Robert A. Garfinkle, F. R. A. S.

It is not very often that you get the opportunity to observe a graze occultation of a star by the lunar south polar region from the vantage of your own front yard. I observed this graze on the night of September 6, 2000 through my 10-inch Meade Schmidt-Cassegrain from the front yard of my home in Union City, California. As part of my research for my lunar observers' handbook, I was studying and taking notes on the southern highlands crater Manginus and several of its neighbor craters as the terminator crept past first quarter.
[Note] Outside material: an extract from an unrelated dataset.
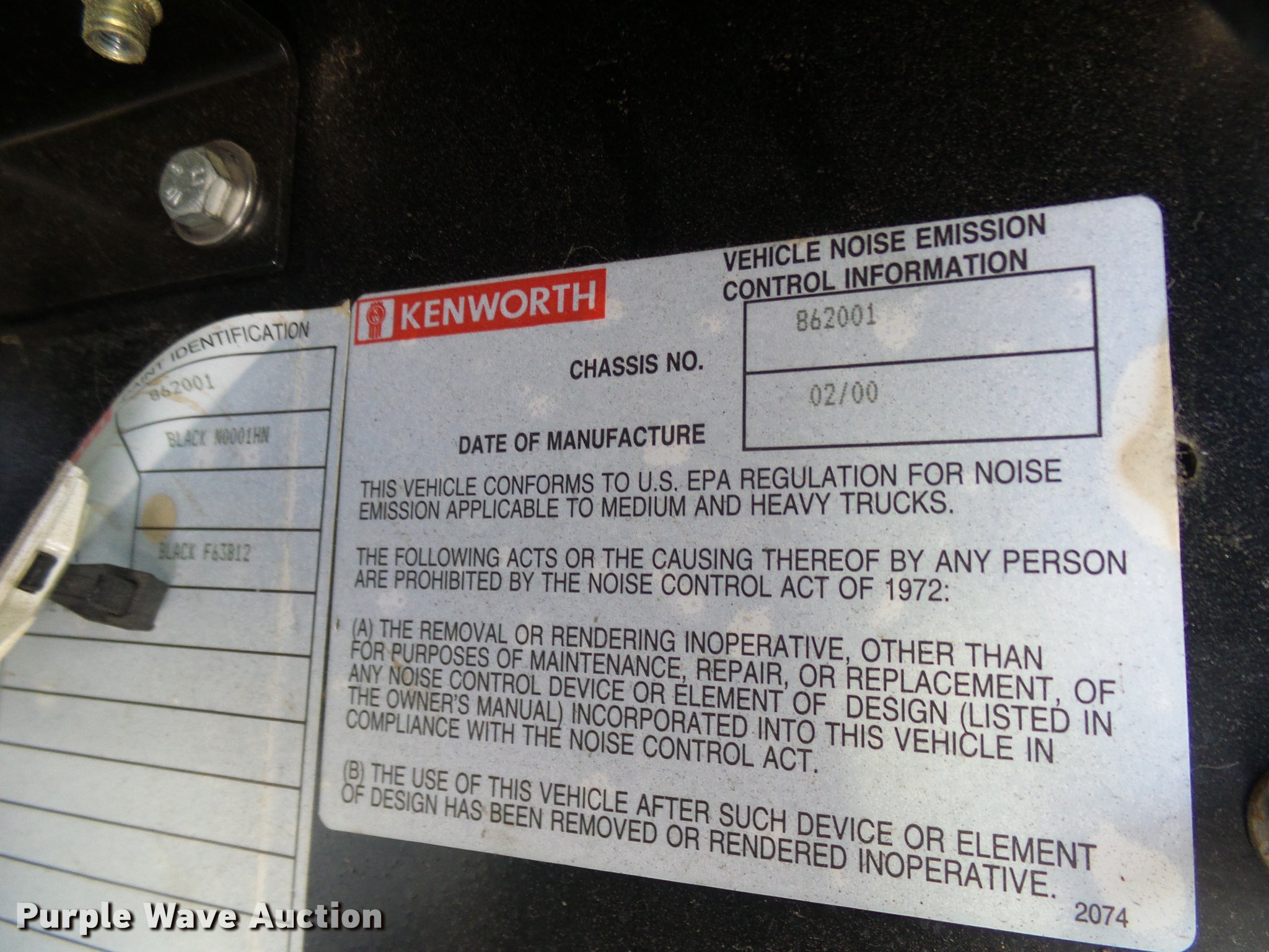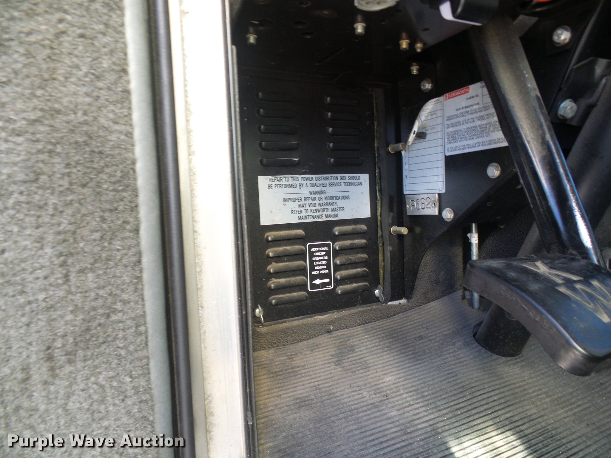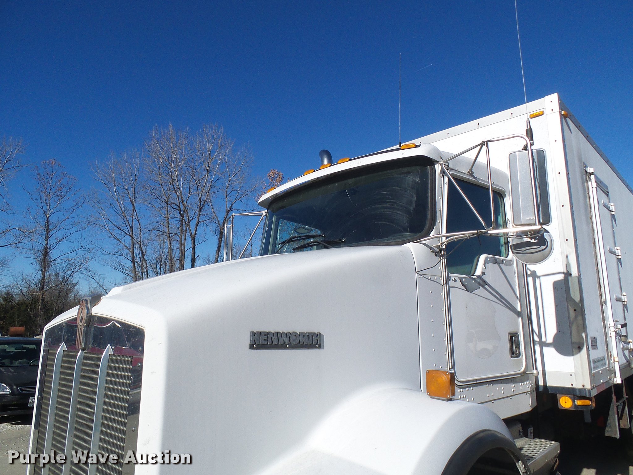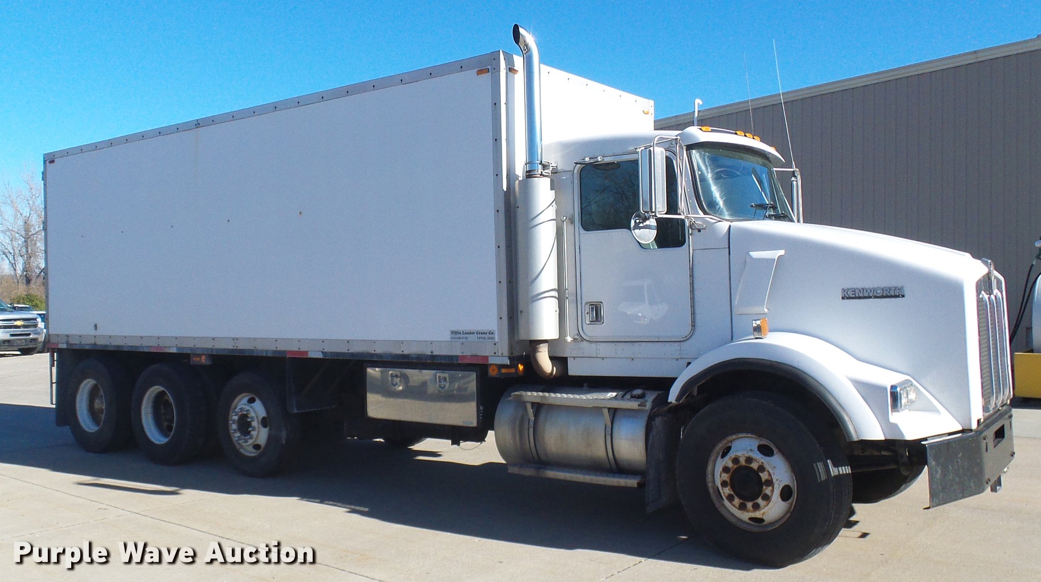 Purple Wave is selling a used Box Truck in Missouri. This item is a 2000 Kenworth T800 scale certification truck with the following: 214,979 miles on odometer, Caterpillar C12 12.0L L6 turbo diesel engine, Eaton Fuller 10 speed manual transmission, Triple axle, AC and heat, AM/FM, Heated mirrors, Air suspension seat, PTO, Toolboxes, Tiffin loader crane 25000 scale test body cart, Trolley system, Kohler gas engine, 25 HP, Remote control, Side door, Swing-out rear doors, Storage boxes, Single fuel tank, 269" wheelbase, Double frame, Spring suspension, Air brakes, GVWR 70,350 lbs, FAWR 20,000 lbs, RAWR 40,000 lbs, GAWR pusher axle 13,200 lbs, 315/80R22.5 tires

Illuminated by low-angle sunlight of the 8.6 day-old Moon, the rugged eastern rim of Clavius was within a few degrees of the terminator while the floor was in darkness.

As I observed the Moon through my 12mm Nagler II eyepiece, I glanced over toward the dark western limb and noticed a triangle consisting of a 7th and two 8th magnitude stars. The asterism was fast approaching the dark southwestern limb. Some quick calculations of speed and direction indicated that there was the possibility of observing a dark limb immersion occultation or even a possible graze occultation within a matter of minutes.

The Moon was passing through the open star cluster M21 (NGC 6531) in the constellation of Sagittarius. The brightness of the Moon overpowered most of the faint cluster stars. The Moon was 64.13 percent illuminated at the start of the first graze with a phase angle of 73.58 degrees. The total libration was L=3.138 and b=-2.476. The region from the lunar south pole up to about 78 degrees south latitude was in darkness. The crater Short was bisected with its eastern wall and central peak being illuminated and the rest of the crater totally dark, giving this crater the appearance of being the southern limb.

I turned on my short wave radio and tuned in station WWV in order to time the event. Unfortunately, I did not have my cassette tape recorder handy, but got ready to count the seconds along with the radio pings as the first star, 8.68-magnitude GSC 6263:104, approached the limb. At 4:03.02 Universal Time (UT), the first star disappeared into a total occultation. I was still not sure if the brighter star, 7.21-magnitude SAO 186215 (GSC 6842:246), would graze or be a total occultation, because I could not see the southwestern limb. At 4:06.01 UT, the blue-white subgiant star began to flicker, flash, dim, and flash again as it skimmed the rugged mountains along the limb. I timed the twinkles and flashes and the moment it blinked out entirely. Two more flickers then it appeared to clear the limb at 4:06.09. I noticed that as the brightness of the star dimmed to about 9th magnitude as it flickered from blue-white to golden then back to blue-white. This change in color was repeated several times in quick succession.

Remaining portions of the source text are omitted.